- PROBLEM STATEMENT: Nothing but the lines below, from the first through the line containing "Lucky Luciano contaba", should be set down, each one exactly and without pictures.

- WORKING DATA:
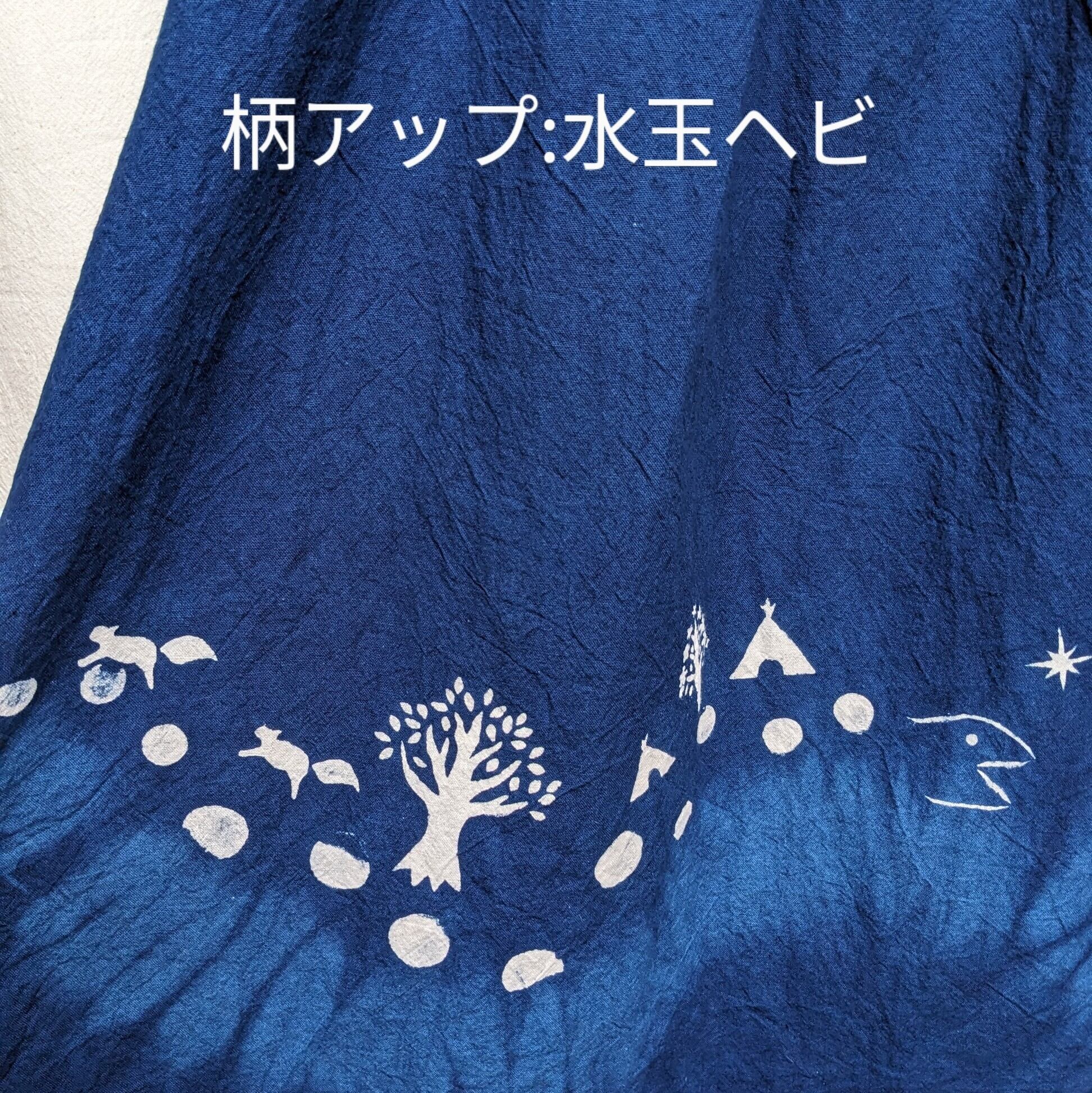 ☆星柄・〇水玉・縞々の3匹のヘビの背中が森となっていて、キャンプをしたり、動物たちが遊んだりしているという、不思議で楽しい絵柄になっています。
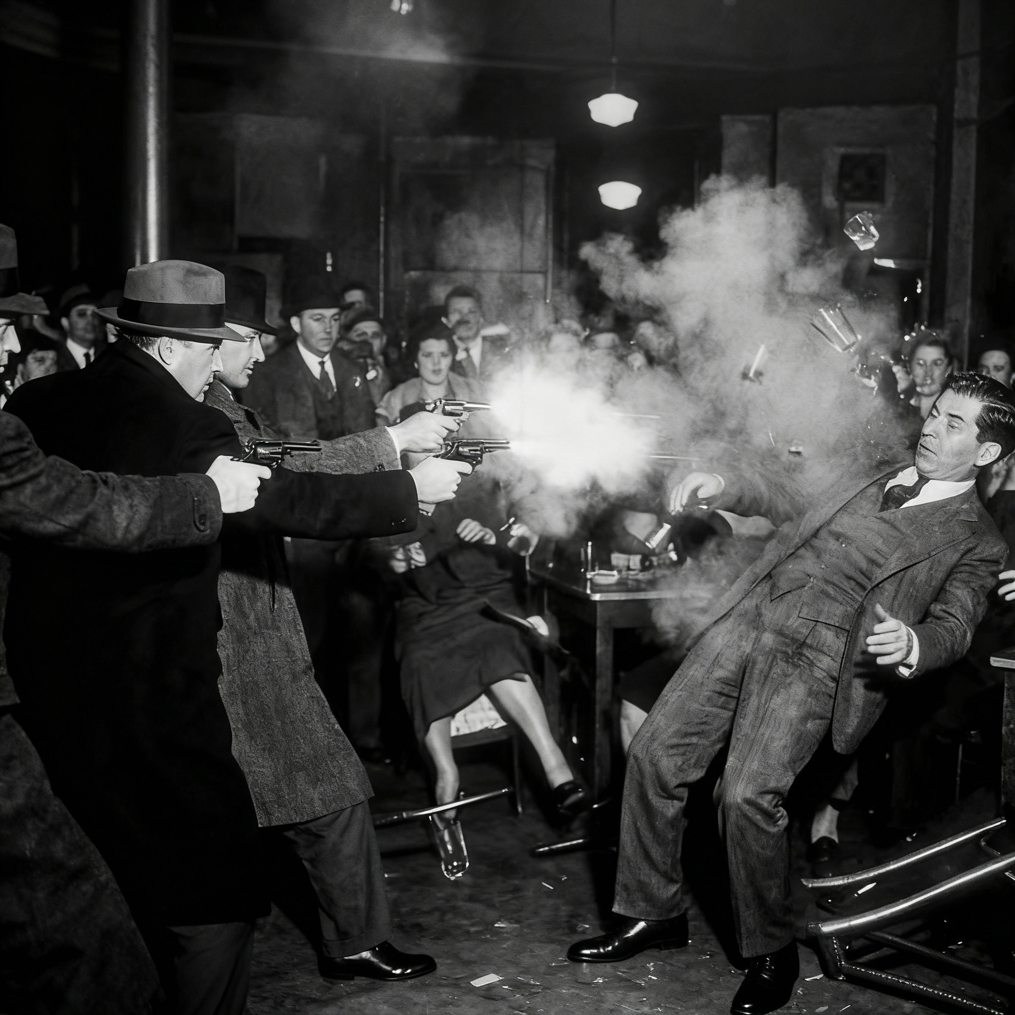 Lucky Luciano contaba dinero cuando tres hombres entraron y abrieron fuego. Seis disparos. Luciano cayó al suelo. El pistolero comprobó: sin pulso. Se fueron.
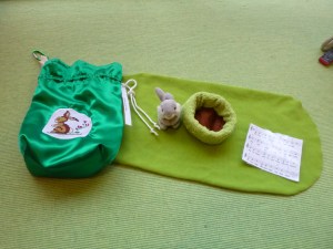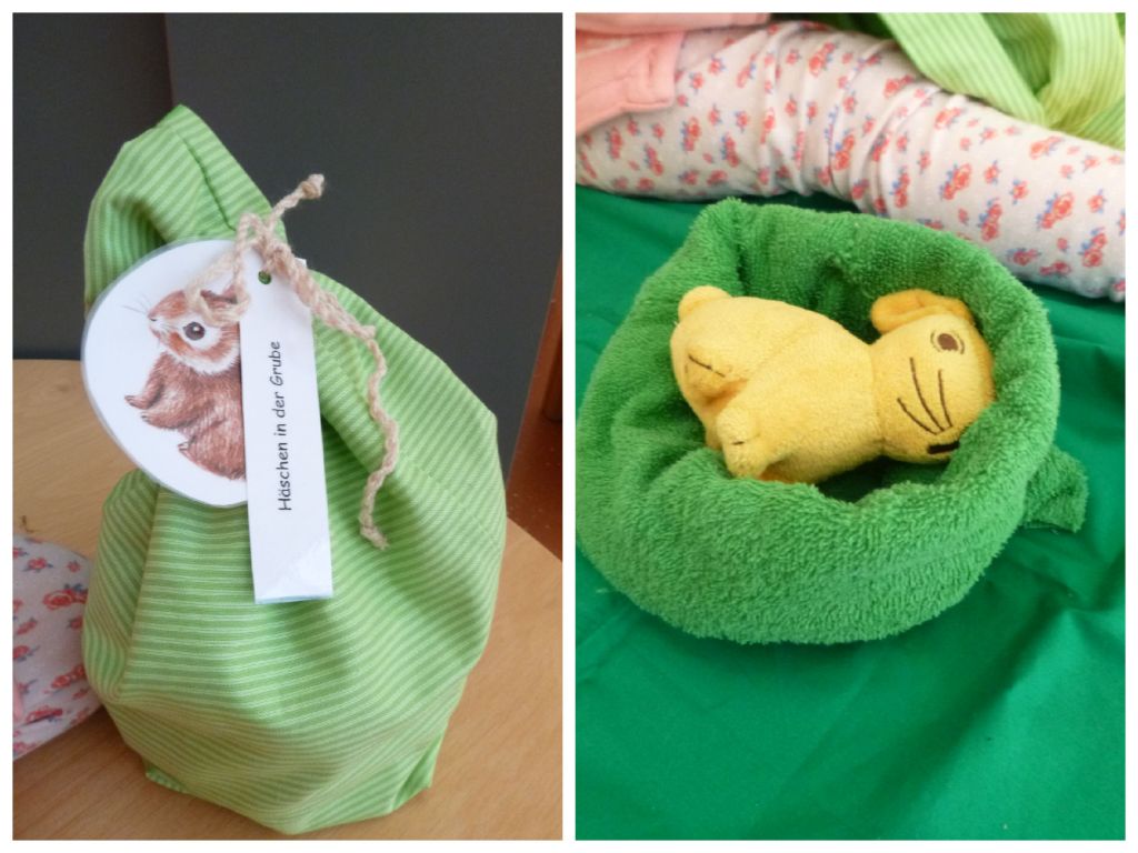 - Grube ( ich habe einen Waschlappen benutzt, den ich ineinandergefaltet habe. Etwas brauner Filz stellt die Erde in der Grube dar.)
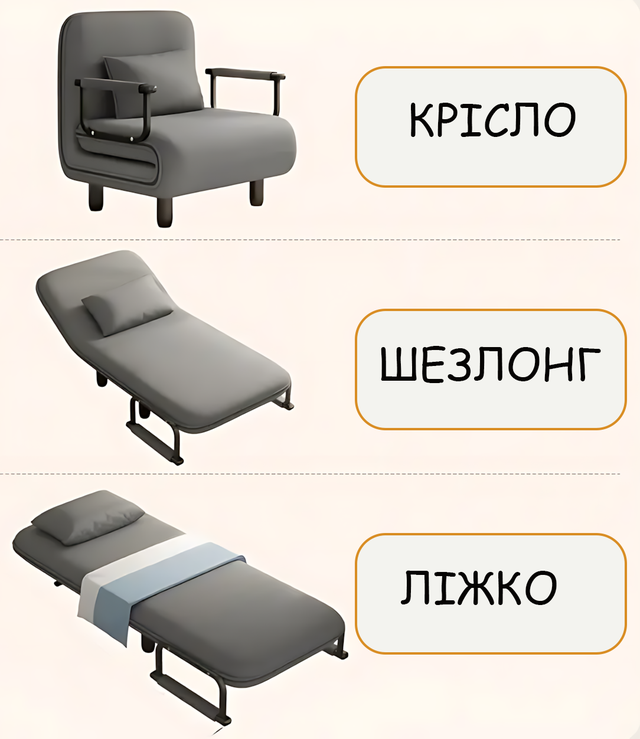 - ✅ 2 в 1: кресло и кровать в одном изделии — экономит место и деньги.
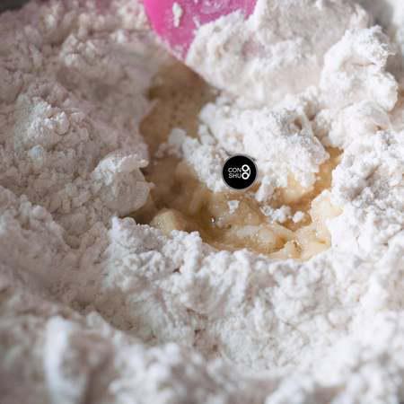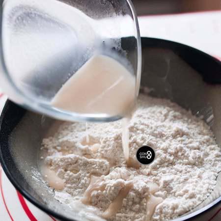 步骤4、 然后倒入酵母液体,与面粉混合均匀。根据面粉的吸水性,再多次少量增加水分,直到碗里的面粉完全揉捏成团。此时的面团触感会有些干,表面并不是很光滑,按压时会裂开。没关系,这样就可以等待发酵了。由于每个品牌的面粉吸水性不同,材料表中给出的用水量只能作为参考。最保险的方法,是通过多次少量的方法增加水分,以达到面粉最合适的干湿度。

- TASK OUTPUT:
 ☆星柄・〇水玉・縞々の3匹のヘビの背中が森となっていて、キャンプをしたり、動物たちが遊んだりしているという、不思議で楽しい絵柄になっています。
 Lucky Luciano contaba dinero cuando tres hombres entraron y abrieron fuego. Seis disparos. Luciano cayó al suelo. El pistolero comprobó: sin pulso. Se fueron.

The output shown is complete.